Cave in Aydıncık, Mersin, southern Turkey

Gilindire Cave (Gilindire Mağarası), also known as Aynalıgöl Cave, is a cave in Aydıncık, Mersin, southern Turkey. It was discovered by a shepherd in 1999. Gilindire was the former name of the town Aydıncık until 1965.

==Location and access==
Gilindire Cave is located approximately 7.5 km southeast of Sancak Point and Kurtini Creek in the Aydıncık district, part of the Mersin Province. Its entrance faces the Mediterranean Sea, and a small village lies in front of the cave. The cave is accessible by sea via a 1 1/2-hour boat trip from Aydıncık, or by land via a 15–minute walk from the Antalya-Mersin highway. A steel stairway leads down to the cave's entrance from above.

==Description==
Gilindire Cave stretches over an area of 107 ha. Its entrance is on a cliff 46 m above sea level. The cave has a total length of 555 m and a clearance of 22 m. It is a horizontally-developed, polygenic-fossilized cave.
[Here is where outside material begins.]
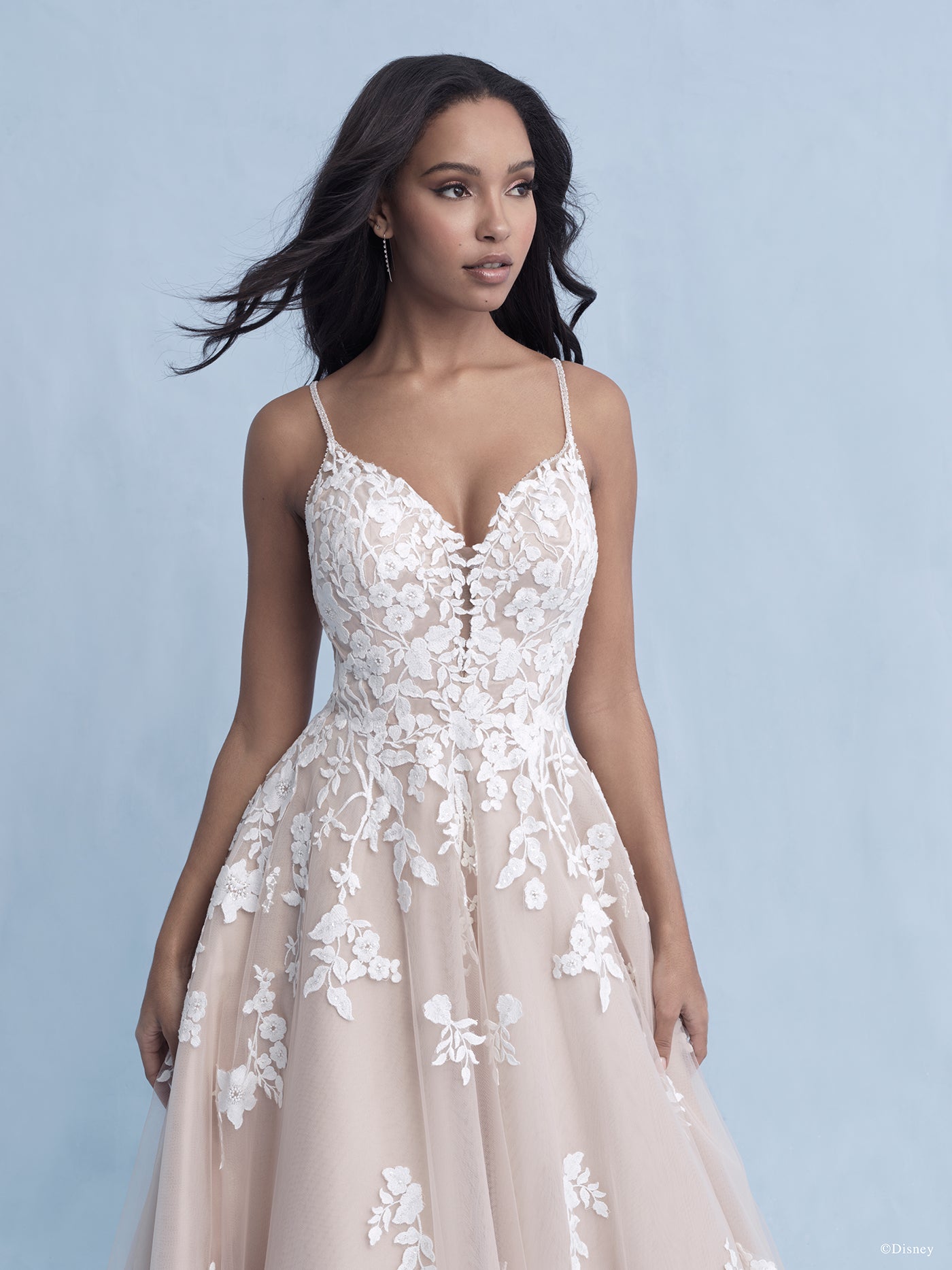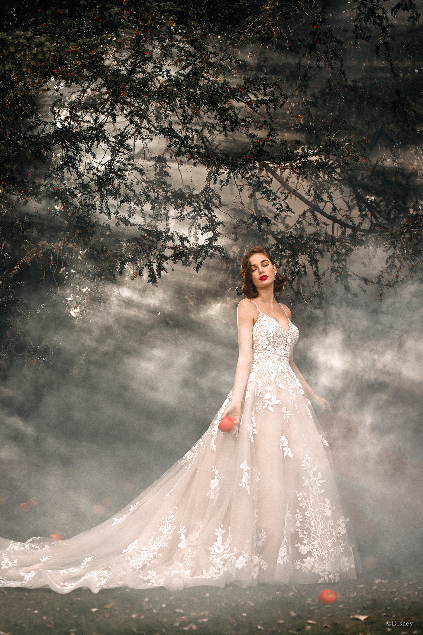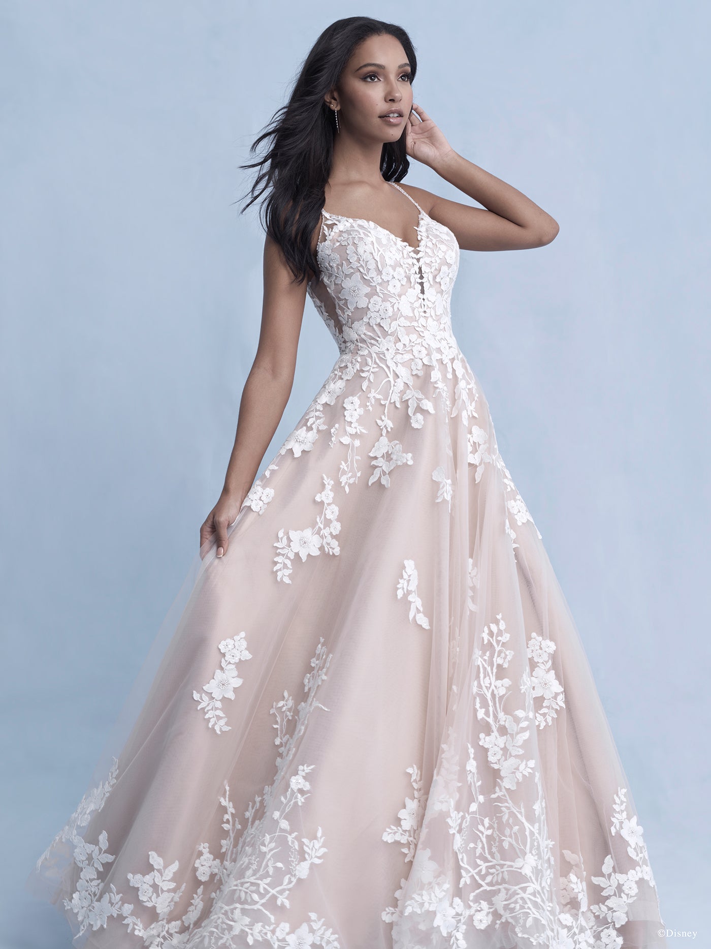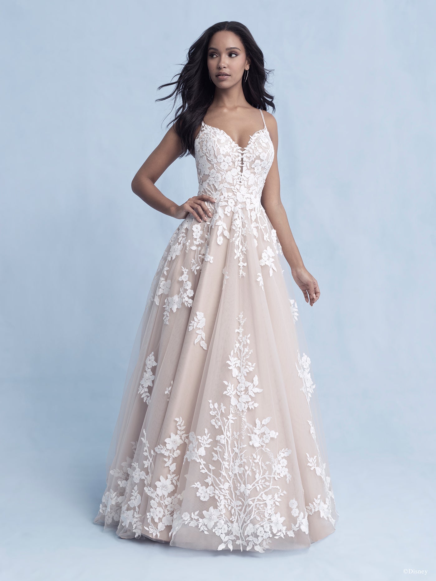 Capturing Snow White's gentle grace and beauty, this classic-inspired ballgown features a bouquet of 'apple' blossoms on the bodice that gracefully cascade down the skirt and cluster at the hemline.

The cave features a wealth of stalagmites, stalactites, as well as "pillar, wall and drapery dripstones, leakage stones and cave needles" which divide the interior into many chambers. At the rear of the cave lies a 140 m long, 18–30 m wide, and 5–47 m deep lake surrounded by dripstones and pillars. The cave is called Aynalıgöl (literally: Mirror Lake) in common parlance, in reference to the presence of the lake.

Some parts of the cave's main gallery are inhabited by bats. Outside the cave, the nearby bays are the habitat of the Mediterranean monk seal.

==Exploration==
Gilindire Cave was discovered by a shepherd in 1999. When the state-owned Mineral Research and Exploration Co. (MTA) undertook exploration works in the cave, they discovered the lake at the end of the cave, 450 m from the entrance. In 2002, two Turkish photographers came to the cave by sea, and took photos for the magazine Atlas both in the cave and underwater in the lake. Archaeologists found potsherds in the cave belonging to the New Stone Age, Copper Age, and Early Bronze Age periods.

According to a survey by experts, the cave was formed in the beginning of the transition phase after the last glacial climate change of the Quaternary Period, when the Mediterranean Sea rose 70 m, flooding the bottom of the cave. The change in the hydrological regime helped preserve the cave formations such as stalagmites and stalactites. Due to being under water, they have remained unaffected by atmospheric changes to the present day. The lake's water is brackish to a depth of 12 m, while deeper water is saline.

In 2013, Gilindire Cave was designated a nature reserve by the Ministry of Forest and Water Management. It was opened to the public, and has become a tourist attraction.